Nonostante la blindatura del dibattito odierno, ieri dall’entourage del premier qualche preoccupazione trapelava. Per i colpi e gli strattoni che continuano ad arrivare da fuori e dentro la maggioranza. Il New York Times picchia duro: «Prodi ha interferito negli affari di un’azienda privata». Guido Rossi rivendica davanti alle commissioni parlamentari «il diritto delle imprese a veder salvaguardata la propria autonomia». E poi «c’è il rischio - si spiegava dallo staff del premier - che le fibrillazioni della maggioranza sulla Finanziaria si ripercuotano su tutte le altre questioni aperte, e in tutte le sedi parlamentari». Preoccupazione tutt’altro che infondata: l’aria che tira nell’Unione è pessima, ieri sera la maggioranza si è salvata per un solo voto alla Camera (dove il vantaggio è di quasi 70 seggi) sulla questione Tav, dopo un’intera giornata di riunioni nelle quali la maggioranza non era riuscita a trovare alcun accordo su un testo da contrapporre alle mozioni della Cdl che impegnano il governo a dare il via ai lavori. Al Senato si trema a ogni votazione sull’ordinamento giudiziario. Sull’Afghanistan è riesplosa la grana del ritiro, e l’Ulivo stesso chiede al governo di ridiscutere la missione. E sulla finanziaria la bagarre è totale, e l’epicentro dello scontro è proprio dentro il famoso «timone» della maggioranza, l’Ulivo. Ieri Piero Fassino e Massimo D’Alema hanno dovuto richiamare ministri e sottosegretari ds, radunati per tentare di calmare le acque sulla manovra economica, al «dovere di lealtà» verso il governo, e alla «responsabilità» di non creare nuovi strappi proprio mentre si sta cercando di «chiudere» il caso Telecom. «La vicenda si chiuderà - nota il ds Angius - ma il problema rimane», perché nella gestione del caso Rovati «sono stati fatti errori».

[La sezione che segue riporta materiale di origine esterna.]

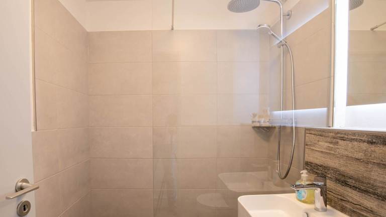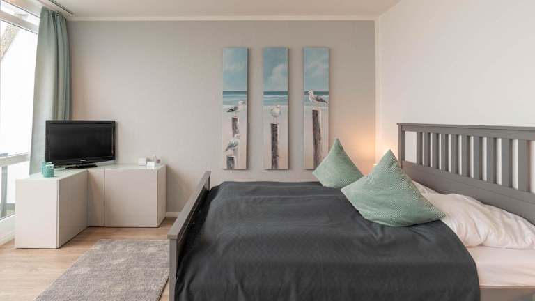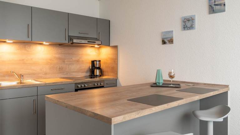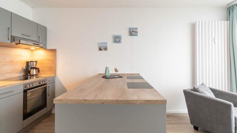 Die Ferienwohnung ist ausgestattet mit einem Flachbild-TV. Die Küchenzeile ist mit einem Kühlschrank, Geschirrspüler, Ofen, Kaffeemaschine und Wasserkocher eingerichtet.

E dunque? «Non voglio commissariare Prodi - dice il vicepresidente del Senato - ma sento l’esigenza di un maggior coinvolgimento e responsabilizzazione delle forze politiche nelle scelte del governo». Il premier, insomma, non può continuare a fare di testa sua, passando sopra i partiti che tengono in vita il suo governo.